Detecting Domestic Violence by Computer: How Well Does it Work?

Are pregnant women more likely to report violence at home to a querying clinician or to a computer? And if a computer yields a truer picture of abuse patterns, how dramatic and reliable is the effect?

Those are the questions being asked by University of Virginia School of Nursing professor Camille Burnett, who’s received a $321,000 minority supplement grant from the Eunice Kennedy Shriver National Institute of Child Health and Human Development, one of the National Institutes of Health. Burnett’s work will fully evaluate the effect of a high-tech domestic violence screening tool developed by School of Nursing colleague Linda Bullock in 2012.

Bullock, associate dean for research and the Jeanette Lancaster Alumni Professor of Nursing, has spent the last two years developing the high-tech screening device and training home visiting nurses to administer it to more than 4,000 at-risk pregnant women in rural and urban Virginia, Baltimore and Missouri. Bullock and her Johns Hopkins University research partner, Phyllis Sharps – recipients of a $4 million NIH grant for this work in 2012 – await Burnett’s analysis before making their final practice and policy recommendations about how to best support pregnant women at risk for abuse.
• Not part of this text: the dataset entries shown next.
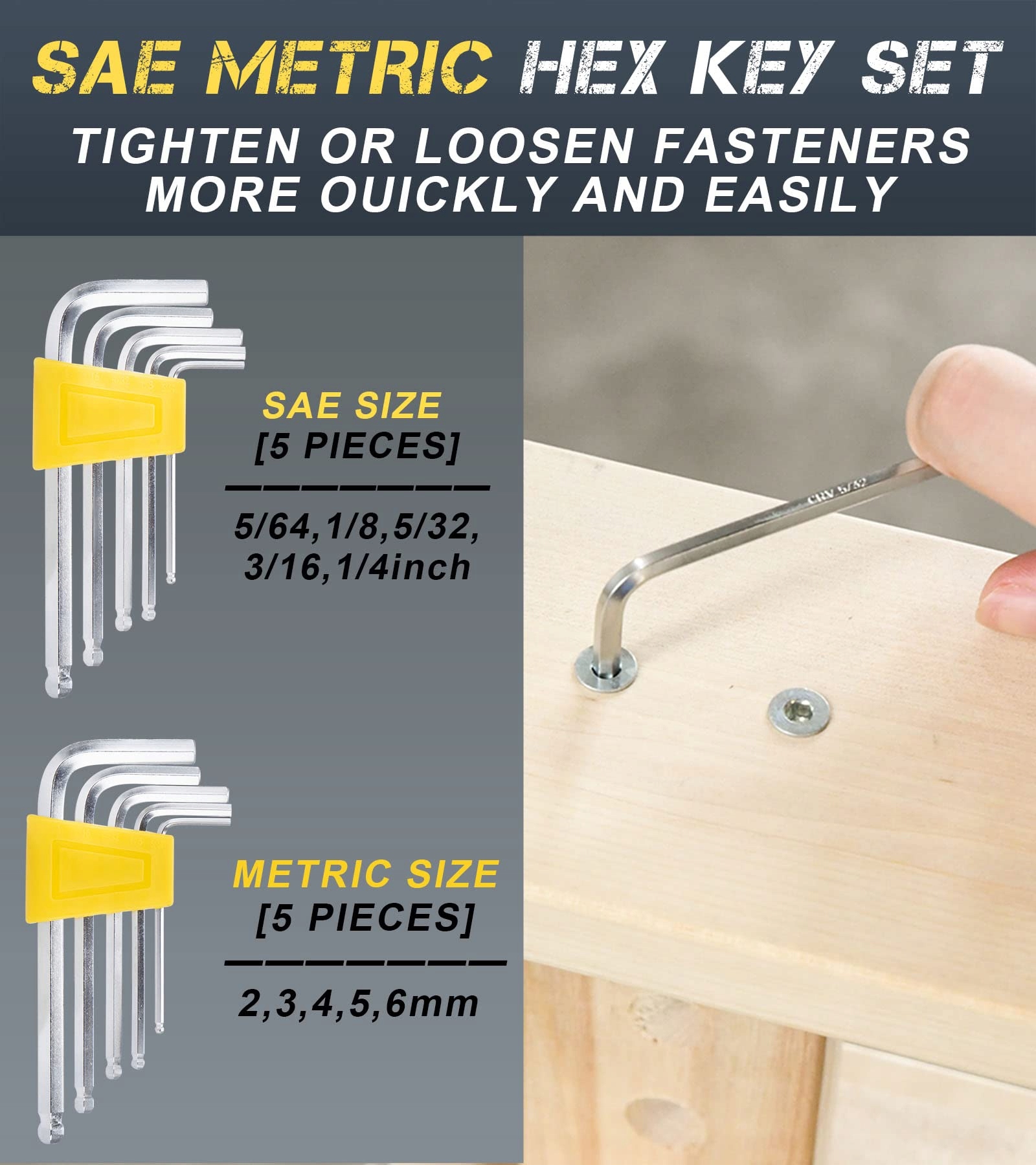 108-elementowy zestaw wkrętaków: zawiera wkrętaki płaskie, krzyżowe i Torx, wkrętaki Stubby i precyzyjne, 40-elementowy zestaw bitów, zestaw kluczy sześciokątnych SAE i metrycznych, narzędzie do magnetyzacji i demagnetyzacji oraz torbę z różnymi śrubami.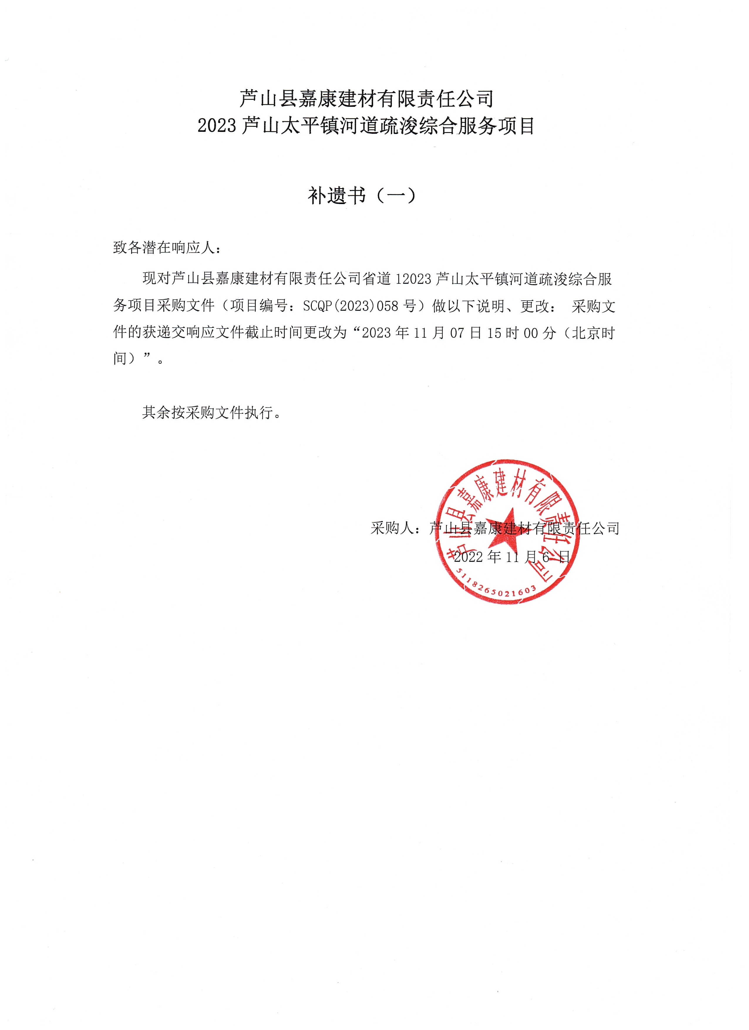 蘆山縣嘉康嘉康建材有限責任公司2023蘆山太平鎮(zhèn)河道疏浚綜合服務項目補遺書(一)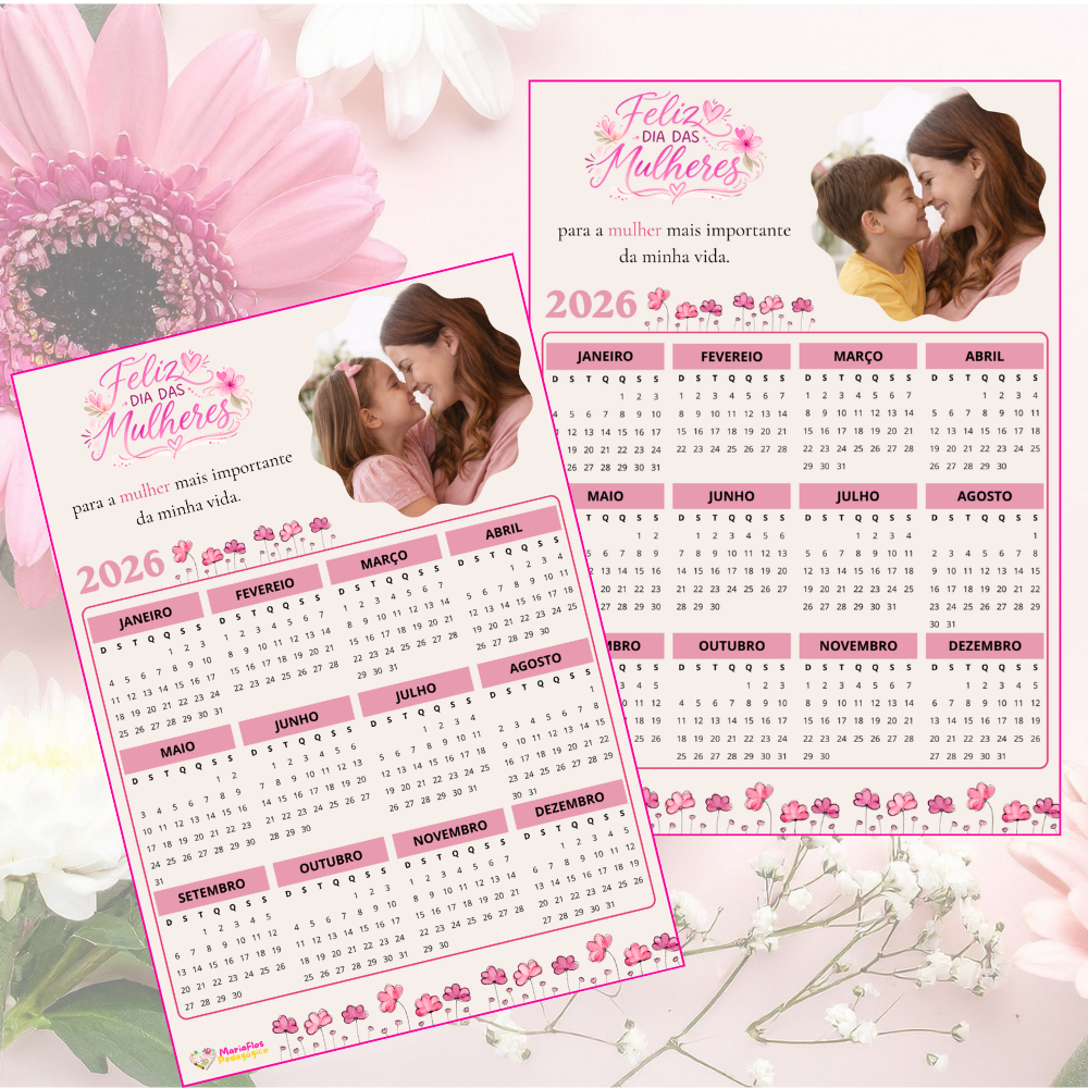 Calendário Editável 2026 Dia das Mulheres – Para a Mulher Mais Importante da Minha Vida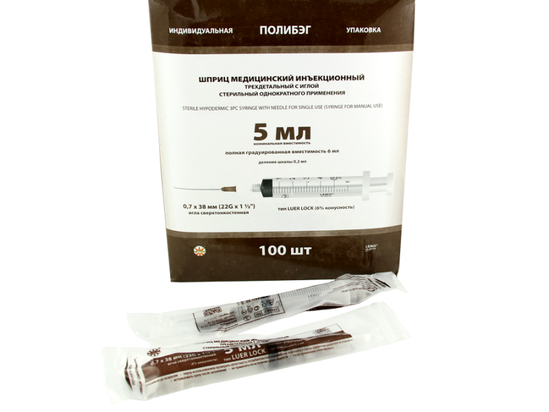 Шприц Leiko 5 мл с иглой 22G*1 1/2" (0,7*38 мм, Луер-Лок) медицинский инъекционный стерильный однократного применения, 100 шт/упаковка, Китай (Changzhou Shuangma Medical Devices Co., Ltd.), 523244

At the outset of their DOVE study – a rough acronym for “domestic violence enhanced home intervention” – Sharps and Bullock hypothesized that the use of mobile tablets would increase the number of women who identify themselves as victims of abuse by as much as a third, opening a conduit for appropriate interventions to improve their situations. Burnett’s analysis and follow-up will, the trio believes, offer definitive positive evidence of that effect, as well as new information about the best way to help pregnant women and their children who are at risk for abuse.
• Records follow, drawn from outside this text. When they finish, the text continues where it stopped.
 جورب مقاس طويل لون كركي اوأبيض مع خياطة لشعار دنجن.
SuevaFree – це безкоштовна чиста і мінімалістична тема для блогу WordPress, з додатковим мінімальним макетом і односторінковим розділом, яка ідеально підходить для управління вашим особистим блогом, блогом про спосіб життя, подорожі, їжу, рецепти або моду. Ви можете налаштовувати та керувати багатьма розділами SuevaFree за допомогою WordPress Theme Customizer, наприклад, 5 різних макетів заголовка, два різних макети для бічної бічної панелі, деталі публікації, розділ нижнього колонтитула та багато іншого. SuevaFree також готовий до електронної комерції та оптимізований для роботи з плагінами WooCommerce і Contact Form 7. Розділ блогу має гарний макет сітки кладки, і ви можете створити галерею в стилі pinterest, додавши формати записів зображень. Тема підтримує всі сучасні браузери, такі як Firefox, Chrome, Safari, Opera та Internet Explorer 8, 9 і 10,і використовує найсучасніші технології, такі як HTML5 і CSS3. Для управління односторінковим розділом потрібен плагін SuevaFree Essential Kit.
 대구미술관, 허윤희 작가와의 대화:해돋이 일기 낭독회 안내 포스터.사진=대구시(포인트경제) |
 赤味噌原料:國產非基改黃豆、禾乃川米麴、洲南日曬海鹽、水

Research has long shown that women who suffer abuse prior to pregnancy are likelier to be abused during pregnancy, and those abused during pregnancy have a higher risk of abuse in the early weeks after the baby is born.
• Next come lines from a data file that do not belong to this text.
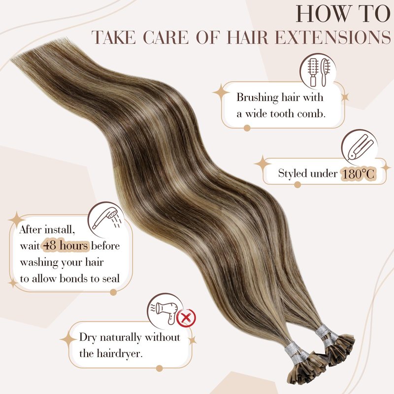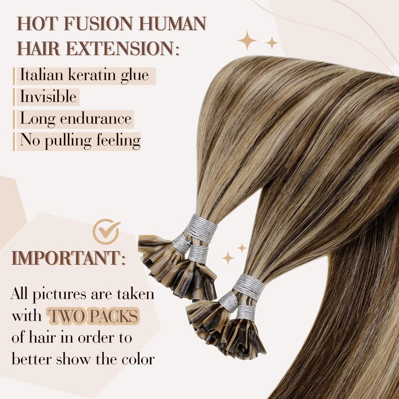 - ●●Quality Human Hair●● U-TIP hair extensions made of 100% real human hair. Smooth and soft with no tangles. With excellent Italian keratin, a natural protein won't damaging your own scalp. Professional application and removal are recommended.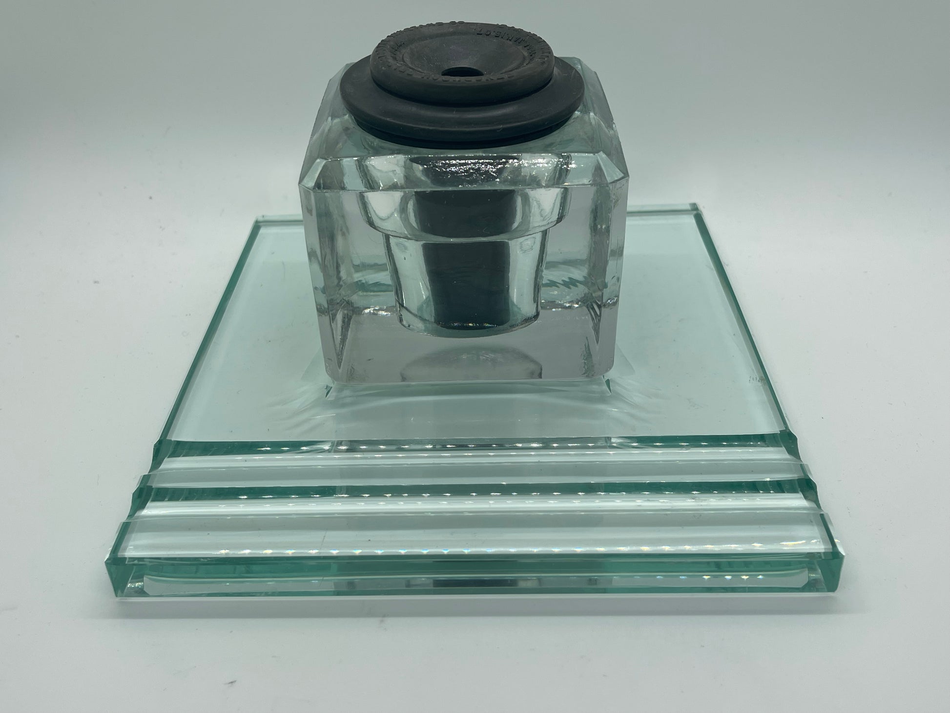 Vintage Glass Desk Ink Well and 2 Pen Tray
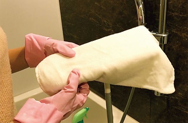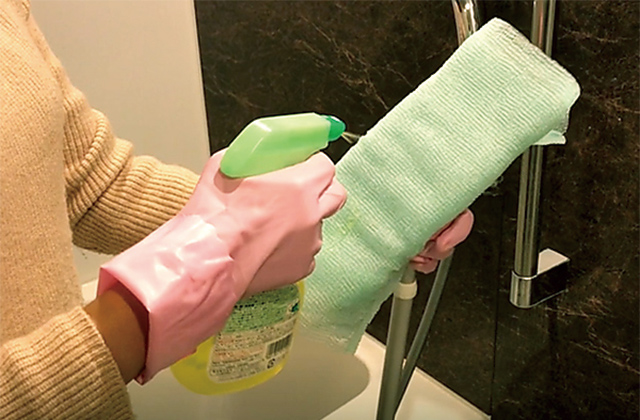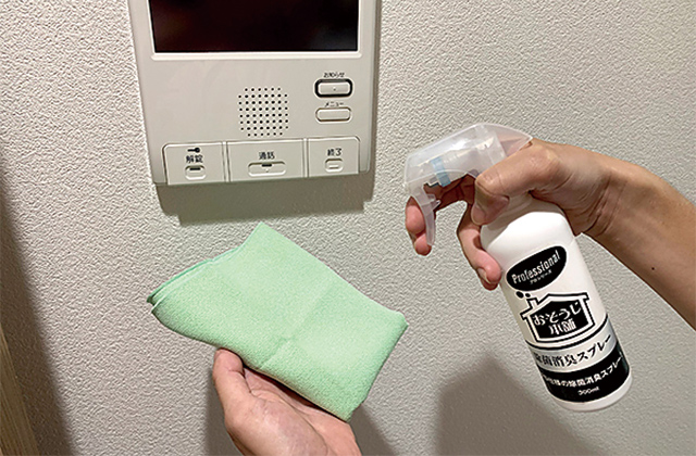 ⑤最後に除菌消臭スプレーをかけたタオルで拭き上げる。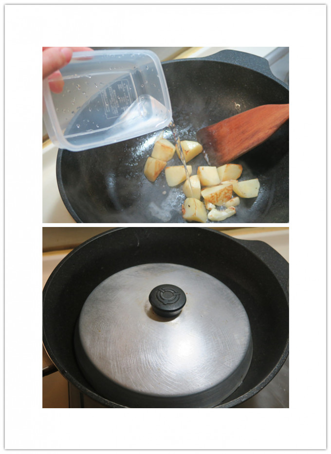 灑點水約1匙.蓋上鍋蓋(馬鈴薯中間較難熟)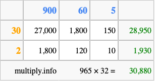 Finally, we add up all the sums we found in step 3 to get our final answer to 965 times 32.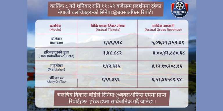 बोर्डले दशैँमा प्रदर्शनमा आएका तीन फिल्म ‘बलिदान’, ‘हरिबहादुरको जुत्ता’ र ‘माइतीघर’को समेत बक्स अफिस रिपोर्ट सार्वजनिक गरेको छ ।

With her two-year grant, Burnett will conduct a quantitative and qualitative analysis of the DOVE intervention, interview its administrators and the women who use the intervention in order to provide valuable feedback for Bullock and Sharps. She will also share her analysis with policymakers who will, with $1.5 billion in funding for visiting nurse programs and prenatal care from the Affordable Care Act, determine the best ways to support abused women and their unborn and small children.

“Camille’s work is critical to our collective success,” Bullock said. “With her careful analysis fortified by metrics, we believe we’re on the right path to making a difference for our nation’s most vulnerable women, who, with their unborn and small children, are at great risk of abuse.”